Spread complexity for the planar limit of holography

TL;DR

This paper extends the concept of spread complexity to supersymmetric systems, enabling analytical computation of complexity in the holographic planar limit by incorporating fermionic states and superalgebras.

Contribution

It introduces a generalized framework for spread complexity that includes fermionic and supercoherent states, applicable to semiclassical systems with Lie superalgebras.

Findings

Extended spread complexity to superalgebras.

Analyzed supercoherent states in super Heisenberg-Weyl and OSp(2|1).
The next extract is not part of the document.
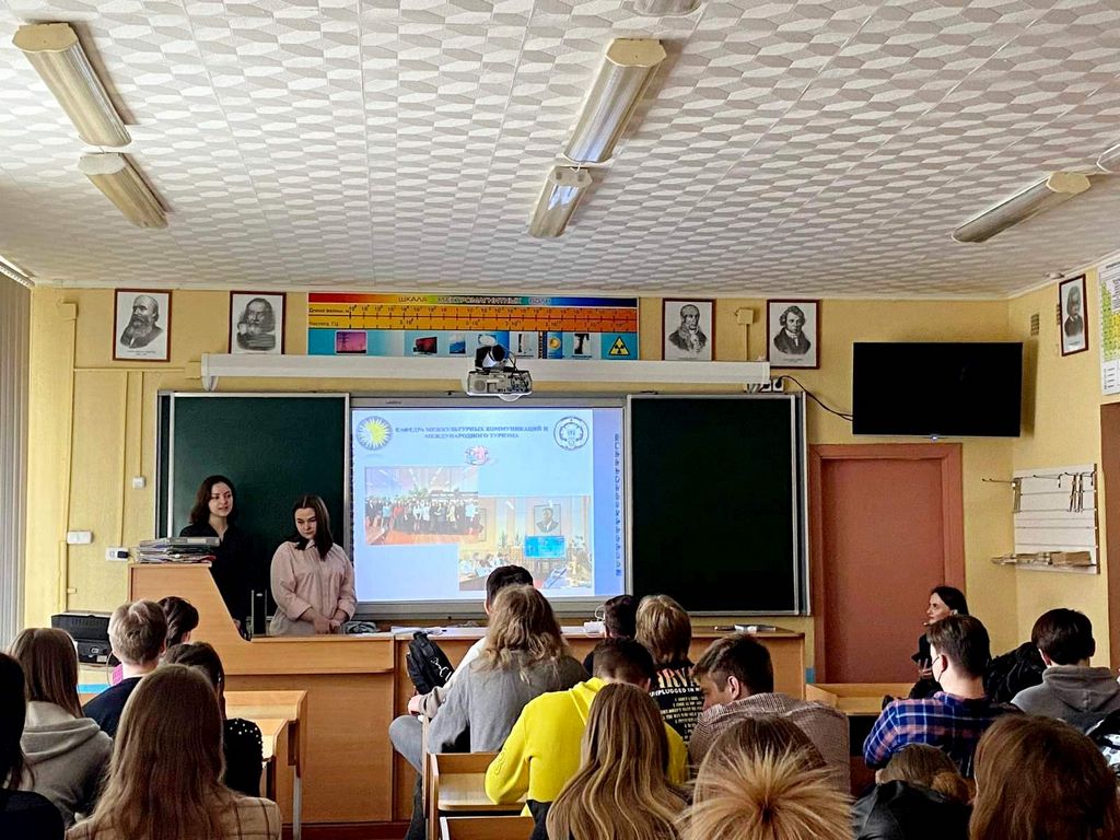 Учащиеся гимназии узнали, по каким предметам необходимо сдать централизованное тестирование для поступления на специальности факультета и на данную специальность, а также ознакомились с образовательными мероприятиями кафедры межкультурных коммуникаций и международного туризма, проведенными в рамках международного сотрудничества с университетами-партнерами.

Computed complexity for large charge superstring states.

Abstract

Complexity is a fundamental characteristic of states within a quantum system. Its use is however mostly limited to bosonic systems, inhibiting its present applicability to supersymmetric theories. This is also relevant to its application to the AdS/CFT correspondence. To address this limitation, we extend the framework of spread complexity beyond bosonic systems to include fermionic and supercoherent states. This offers a gateway to compute spread complexity analytically for any semiclassical system governed by a Hamiltonian associated with a Lie (super)algebra. This requires extending the Krylov chain to a Krylov path in a higher-dimensional lattice. A detailed analysis of supercoherent states within the super Heisenberg-Weyl and OSp$(2|1)$ algebras elucidates distinct contributions from bosonic and fermionic degrees of freedom to the complexity. This generalisation allows us to access the semiclassical regime of the planar limit of the holographic correspondence. We then compute the spread complexity of large charge superstring states on the gravity side, which are equivalent to the dual gauge states. The resulting complexity leads to Krylov paths capturing the geometry in which the string propagates.